Chapter 9: Lifetime mortgages: product disclosure
Notes provided by the CMI to assist the calculation of life expectations required under MCOB 9.4.6R(5)
The FSA’s Conduct of Business sourcebook for mortgages (MCOB) came into force on 31 October 2004. Amongst other things, this sets out, in Chapter 9, the rules relating to product disclosure for lifetime mortgages (also known as equity release schemes), including benefit illustrations.
We are receiving a number of requests for information regarding the mortality tables to be used in these illustrations for estimating the term of lifetime mortgages. This basis is described in Section 9.4.10 of MCOB. In particular, this refers to:
"PMA92(C=2010) and PFA92(C=2010) for males and females respectively,…"

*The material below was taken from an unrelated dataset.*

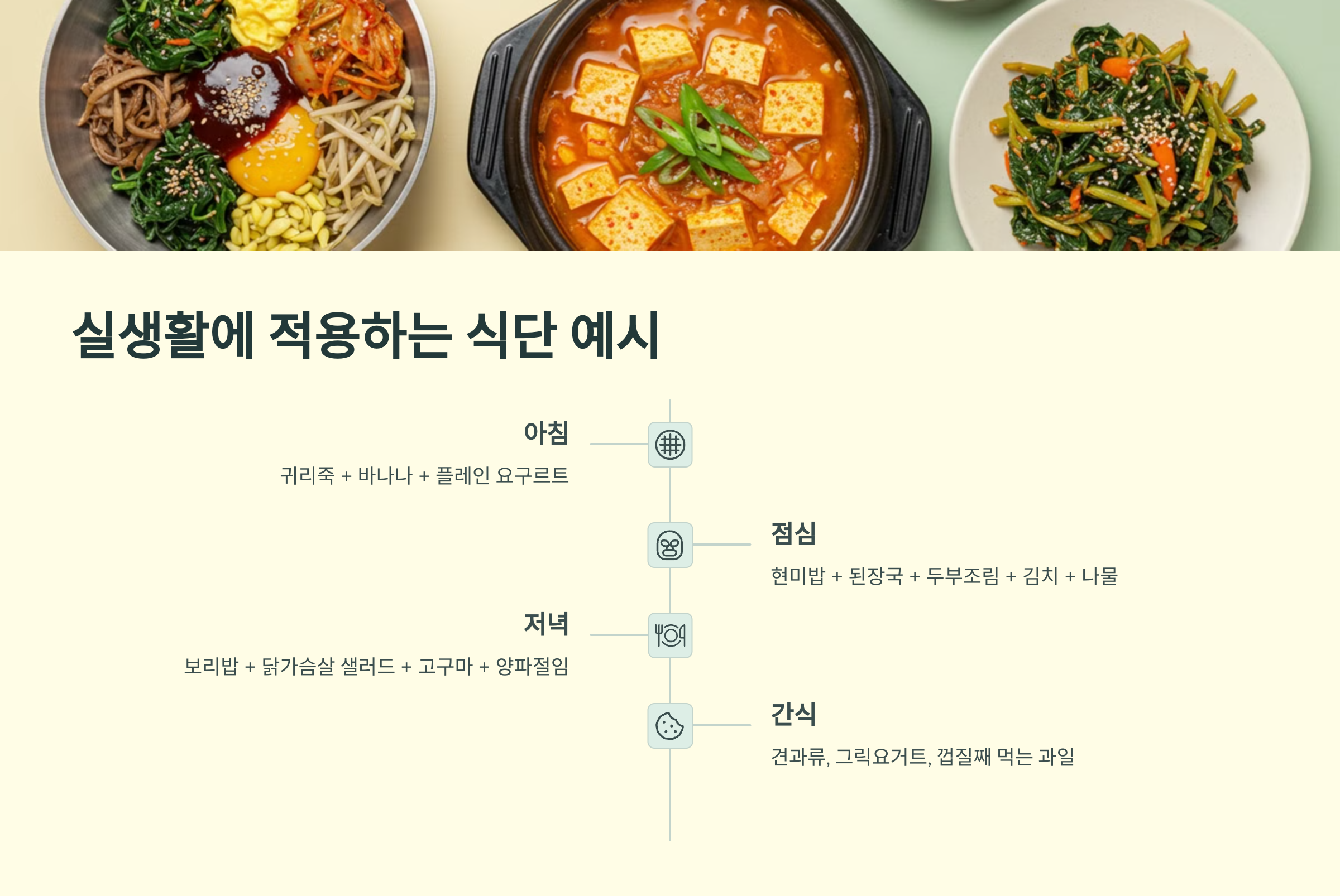 ## ## 실생활에 적용하는 식단 예시 이제 실제로 어떤 식단을 짜야 할지 고민되시죠? 예시 드릴게요! ✅ 아침 - 귀리죽 + 바나나 + 플레인 요구르트 ✅ 점심 - 현미밥 + 된장국 + 두부조림 + 김치 + 나물 반찬 ✅ 저녁 - 보리밥 + 닭가슴살 샐러드 + 고구마 + 양파절임 간식으로는 견과류나 그릭요거트, 껍질째 먹는 과일이 좋아요 🍎

These tables can be derived from the information in CMI Report 17, by applying the projection factors described in Section 6 to the PMA92Base and PFA92Base mortality rates set out in Appendix A5. (Tables projected to calendar year 2020 are given in Appendix A10, which can be used as a check on the method of calculation.)
The PMA92(C=2010) and PFA92(C=2010) tables were not published directly in CMI Report 17, but were published in a volume entitled "Standard Tables of Mortality: The "92" Series". This volume can be purchased from the eShop of the actuarial profession.
As a courtesy, the PMA92(C=2010) and PFA92(C=2010) tables are provided here as Excel spreadsheets, for free download.
This spreadsheet contains, for each age and sex, the mortality rates from the relevant table together with the CMI’s calculation of the complete expectation of life from that table. The CMI accepts no responsibility for the use of these tables and cannot enter into correspondence about them.
The users of this information should be aware that considerable uncertainty exists in any forecast of future mortality. At the moment it is not possible to quantify this uncertainty. The FSA has chosen to specify the above mortality tables for the purposes of MCOB 9.4. The CMI and the actuarial profession give no advice about the suitability of these tables for that or any other purpose. These tables are not the most up-to-date issued by the CMI for use by actuaries and, for example, do not take account of the latest research on the cohort effect.
It should also be borne in mind that mortality tables are, by their very nature, based on the average mortality experience of large populations. As such, they are extremely unlikely to predict the experience of an individual. Even if a mortality table turns out to be “correct” in aggregate, the resulting expectation of life will be too low for 50% (and too high for the other 50%) of all individuals.